Please help me to prove the identity $$_2F_1\!\left(\frac76,\frac12;\,\frac13;\,-\phi^2\right)=0,$$ where $\phi=\frac{1+\sqrt5}2$ is the golden ratio.


Solution 1:

As the hypergeometric function $$_2F_1\left(\frac16,\frac12;\frac13;-\frac{r(r+2)^3}{(r+1)(1-r)^3}\right)=\frac{\sqrt{1-r^2}}{2r+1}$$ is algebraic, the hypergeometric function with first parameter shifted by $1$ is algebraic as well.
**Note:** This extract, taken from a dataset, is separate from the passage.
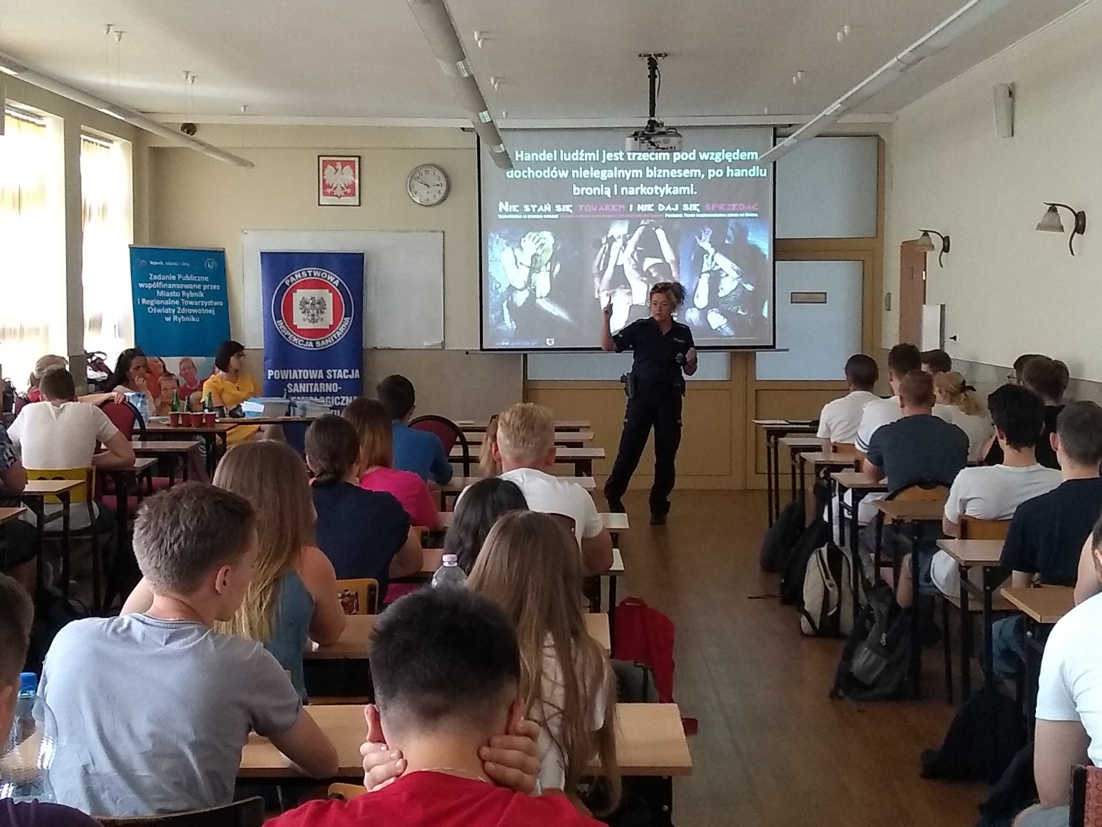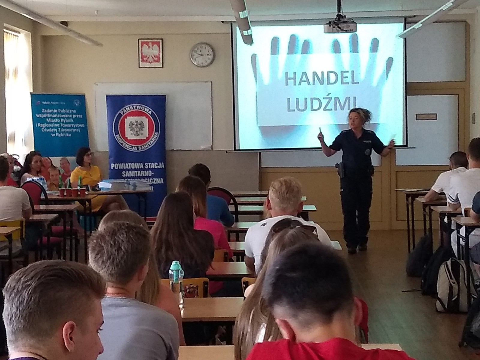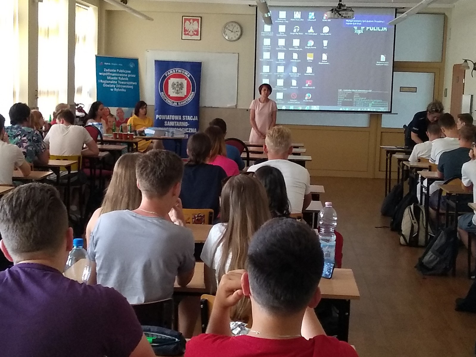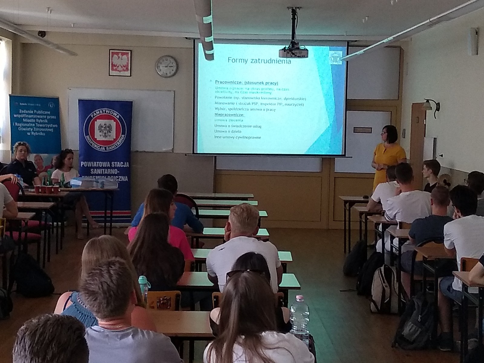 Podczas spotkania młodzi ludzie mogli dowiedzieć się, czego mogą oczekiwać od pracodawcy zatrudniającego ich w okresie wakacji. Poruszono także kwestię wyjazdów do pracy sezonowej za granicą, podleganiu ubezpieczeniom, a także płacy minimalnej, jaka się w takiej sytuacji należy osobom pracującym poza granicami kraju. Dużo miejsca poświęcono zachowaniu młodych ludzi w czasie wakacji. Tutaj pracownicy Policji, PSSE w Rybniku oraz psycholog Mariola Kujańska zwracali uwagę na problemy z dopalaczami, alkoholem, cyberprzemocą, zachowaniami seksualnymi, starkingiem, handlem ludźmi czy zdrowotnymi następstwami zachowań, które z pozoru nie budzą zagrożeń. Ponadto przestrzegano przed zbytnim zaufaniem do obcych, ale też przed zaufaniem do tych, których – wydawałoby – się dobrze znają: kolegów, koleżanek. Spotkanie zorganizowane było z inicjatywy Regionalnego Towarzystw Oświaty Zdrowotnej w Rybniku oraz Powiatowej Stacji Sanitarno-Epidemiologicznej w Rybniku. Do jego udziału zaproszono także rybnicki Oddziału ZUS, Państwową Inspekcję Pracy i Policję oraz Niepubliczną Przychodnię Psychologiczno-Pedagogiczną w Rybniku. W dwóch turach szkolenia wzięło udział 120 uczniów.

To compute its explicit expression, it suffices to note that $${}_2F_1\left(a+1,b;c;z\right)=\frac{z^{1-a}}{a}\frac{d}{dz}\Bigl(z^a{}_2F_1\left(a,b;c;z\right)\Bigr).$$ One then finds \begin{align}_2F_1\left(\frac76,\frac12;\frac13;-\frac{r(r+2)^3}{(r+1)(1-r)^3}\right)&=\frac{\sqrt{1-r^2}}{\left(2r+1\right)^4}\left(5r^3-6r+1\right)=\\ &=-\frac{\left(\sqrt{5}\,r-\phi^{-2}\right)\left(\sqrt{5}\,r+\phi^{2}\right)\left(1+r\right)^{\frac12}\left(1-r\right)^{\frac32}}{\left(2r+1\right)^4}, \end{align} where the vicinity of $r=0$ corresponds to principal branches of the square roots on the right.

Now the result is obtained by setting $r=5^{-\frac12}\phi^{-2}$ in the last formula.